** ABOUT THIS TASK **
In the entries below, begin at the line with "ได้จัดกิจกรรมวันต่อต้านยาเสพติดโลก ซึ่งตรงกับวันที่ 26" and stop after the line with "Com 5 compartimentos"; output those lines exactly and omit the pictures.

** EXTRACTED MATERIAL **
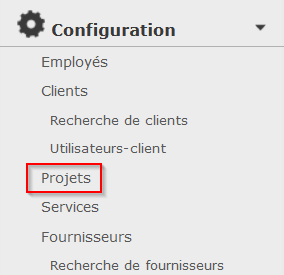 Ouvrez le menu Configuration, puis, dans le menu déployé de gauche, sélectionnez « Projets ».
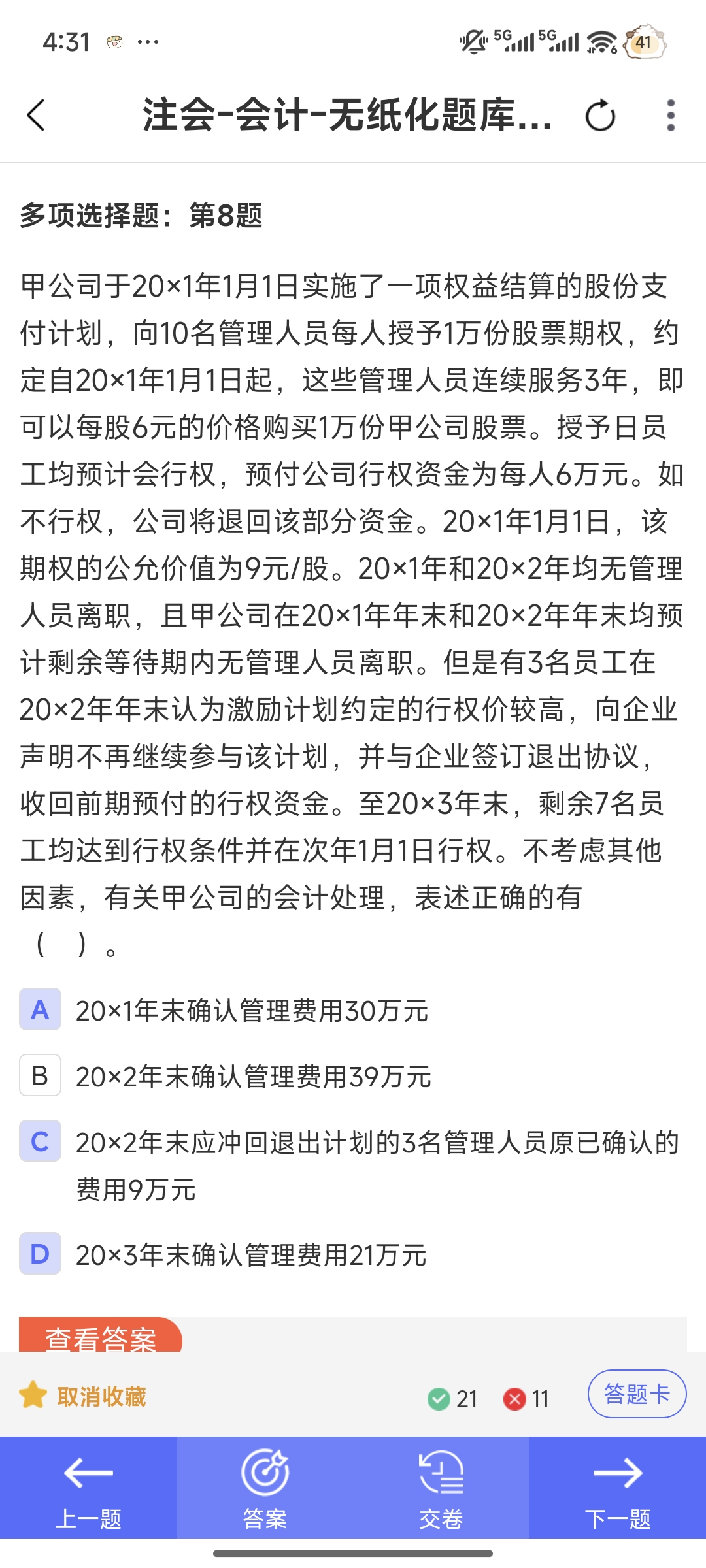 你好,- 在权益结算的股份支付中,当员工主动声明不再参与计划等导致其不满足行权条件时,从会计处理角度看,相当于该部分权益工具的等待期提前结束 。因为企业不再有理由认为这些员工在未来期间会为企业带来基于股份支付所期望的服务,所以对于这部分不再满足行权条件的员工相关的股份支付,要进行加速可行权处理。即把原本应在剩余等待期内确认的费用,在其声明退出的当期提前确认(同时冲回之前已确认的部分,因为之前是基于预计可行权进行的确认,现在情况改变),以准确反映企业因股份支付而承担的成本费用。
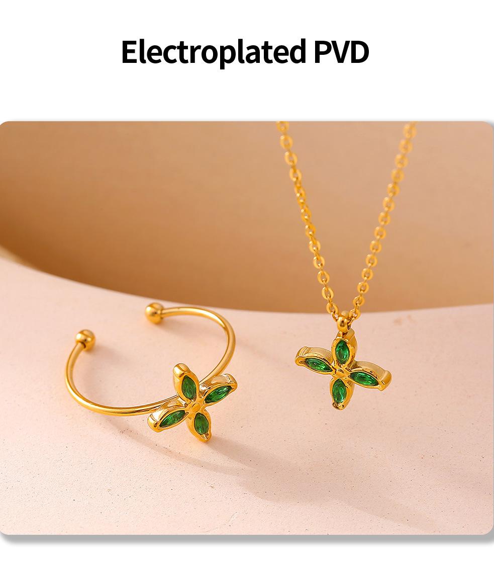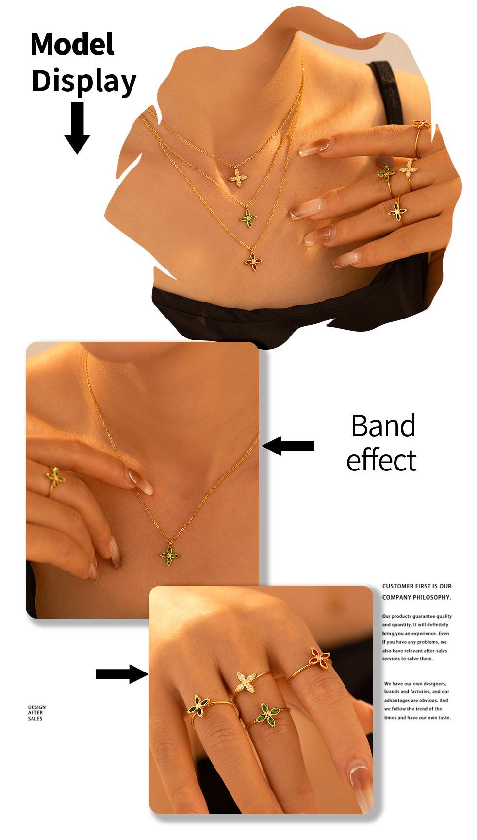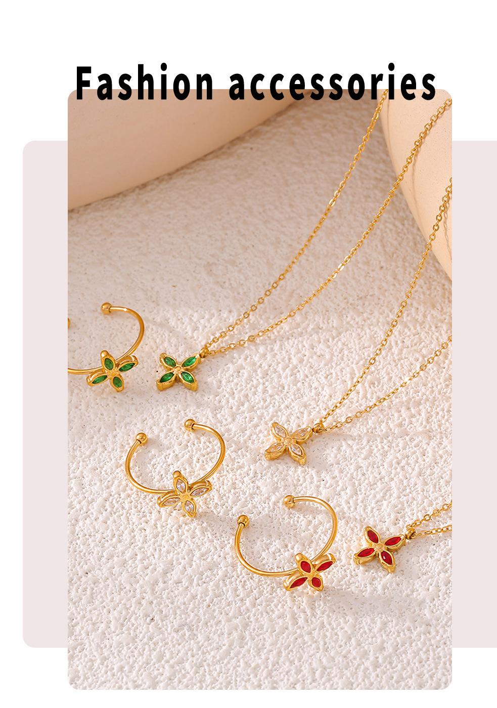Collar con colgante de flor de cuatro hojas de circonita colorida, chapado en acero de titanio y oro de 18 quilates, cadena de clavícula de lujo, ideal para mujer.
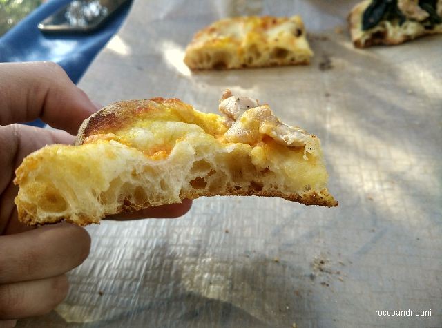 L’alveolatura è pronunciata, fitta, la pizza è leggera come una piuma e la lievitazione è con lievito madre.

...

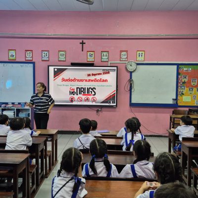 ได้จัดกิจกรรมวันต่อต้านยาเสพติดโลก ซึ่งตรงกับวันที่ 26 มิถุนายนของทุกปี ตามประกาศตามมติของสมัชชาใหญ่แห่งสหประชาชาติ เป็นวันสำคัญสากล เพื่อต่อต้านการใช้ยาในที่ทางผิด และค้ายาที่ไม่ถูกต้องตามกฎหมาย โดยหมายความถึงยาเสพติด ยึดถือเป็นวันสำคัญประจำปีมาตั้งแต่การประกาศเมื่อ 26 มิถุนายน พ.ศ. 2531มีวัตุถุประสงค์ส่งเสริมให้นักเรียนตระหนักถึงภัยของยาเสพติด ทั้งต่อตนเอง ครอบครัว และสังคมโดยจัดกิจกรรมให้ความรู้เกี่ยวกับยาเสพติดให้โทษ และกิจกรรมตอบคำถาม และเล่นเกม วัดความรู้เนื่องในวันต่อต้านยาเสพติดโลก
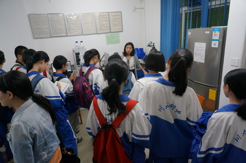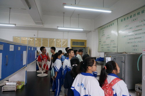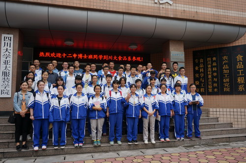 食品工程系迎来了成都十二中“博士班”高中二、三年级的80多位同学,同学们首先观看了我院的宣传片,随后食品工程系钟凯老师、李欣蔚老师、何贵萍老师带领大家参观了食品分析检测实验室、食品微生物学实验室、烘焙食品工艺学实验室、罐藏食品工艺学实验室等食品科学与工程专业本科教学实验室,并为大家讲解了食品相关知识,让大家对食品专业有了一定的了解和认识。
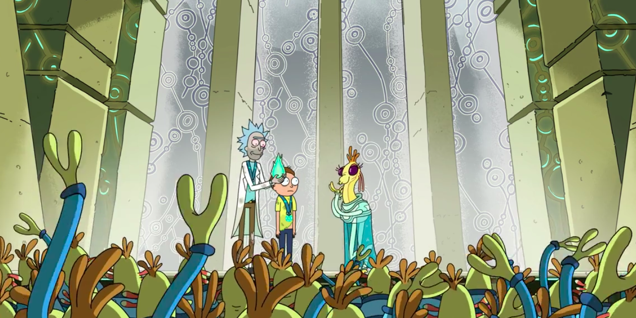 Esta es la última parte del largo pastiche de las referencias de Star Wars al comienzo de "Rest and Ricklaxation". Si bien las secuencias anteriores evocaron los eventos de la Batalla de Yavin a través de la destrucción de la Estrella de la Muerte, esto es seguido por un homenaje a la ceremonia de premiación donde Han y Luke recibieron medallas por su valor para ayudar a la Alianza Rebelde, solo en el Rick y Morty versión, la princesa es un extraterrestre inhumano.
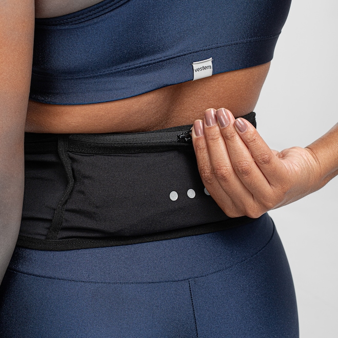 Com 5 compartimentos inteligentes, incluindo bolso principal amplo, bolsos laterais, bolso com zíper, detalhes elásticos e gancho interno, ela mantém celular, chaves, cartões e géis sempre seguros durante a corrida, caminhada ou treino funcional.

** EXERCISE ANSWER **
 ได้จัดกิจกรรมวันต่อต้านยาเสพติดโลก ซึ่งตรงกับวันที่ 26 มิถุนายนของทุกปี ตามประกาศตามมติของสมัชชาใหญ่แห่งสหประชาชาติ เป็นวันสำคัญสากล เพื่อต่อต้านการใช้ยาในที่ทางผิด และค้ายาที่ไม่ถูกต้องตามกฎหมาย โดยหมายความถึงยาเสพติด ยึดถือเป็นวันสำคัญประจำปีมาตั้งแต่การประกาศเมื่อ 26 มิถุนายน พ.ศ. 2531มีวัตุถุประสงค์ส่งเสริมให้นักเรียนตระหนักถึงภัยของยาเสพติด ทั้งต่อตนเอง ครอบครัว และสังคมโดยจัดกิจกรรมให้ความรู้เกี่ยวกับยาเสพติดให้โทษ และกิจกรรมตอบคำถาม และเล่นเกม วัดความรู้เนื่องในวันต่อต้านยาเสพติดโลก
 食品工程系迎来了成都十二中“博士班”高中二、三年级的80多位同学,同学们首先观看了我院的宣传片,随后食品工程系钟凯老师、李欣蔚老师、何贵萍老师带领大家参观了食品分析检测实验室、食品微生物学实验室、烘焙食品工艺学实验室、罐藏食品工艺学实验室等食品科学与工程专业本科教学实验室,并为大家讲解了食品相关知识,让大家对食品专业有了一定的了解和认识。
 Esta es la última parte del largo pastiche de las referencias de Star Wars al comienzo de "Rest and Ricklaxation". Si bien las secuencias anteriores evocaron los eventos de la Batalla de Yavin a través de la destrucción de la Estrella de la Muerte, esto es seguido por un homenaje a la ceremonia de premiación donde Han y Luke recibieron medallas por su valor para ayudar a la Alianza Rebelde, solo en el Rick y Morty versión, la princesa es un extraterrestre inhumano.
 Com 5 compartimentos inteligentes, incluindo bolso principal amplo, bolsos laterais, bolso com zíper, detalhes elásticos e gancho interno, ela mantém celular, chaves, cartões e géis sempre seguros durante a corrida, caminhada ou treino funcional.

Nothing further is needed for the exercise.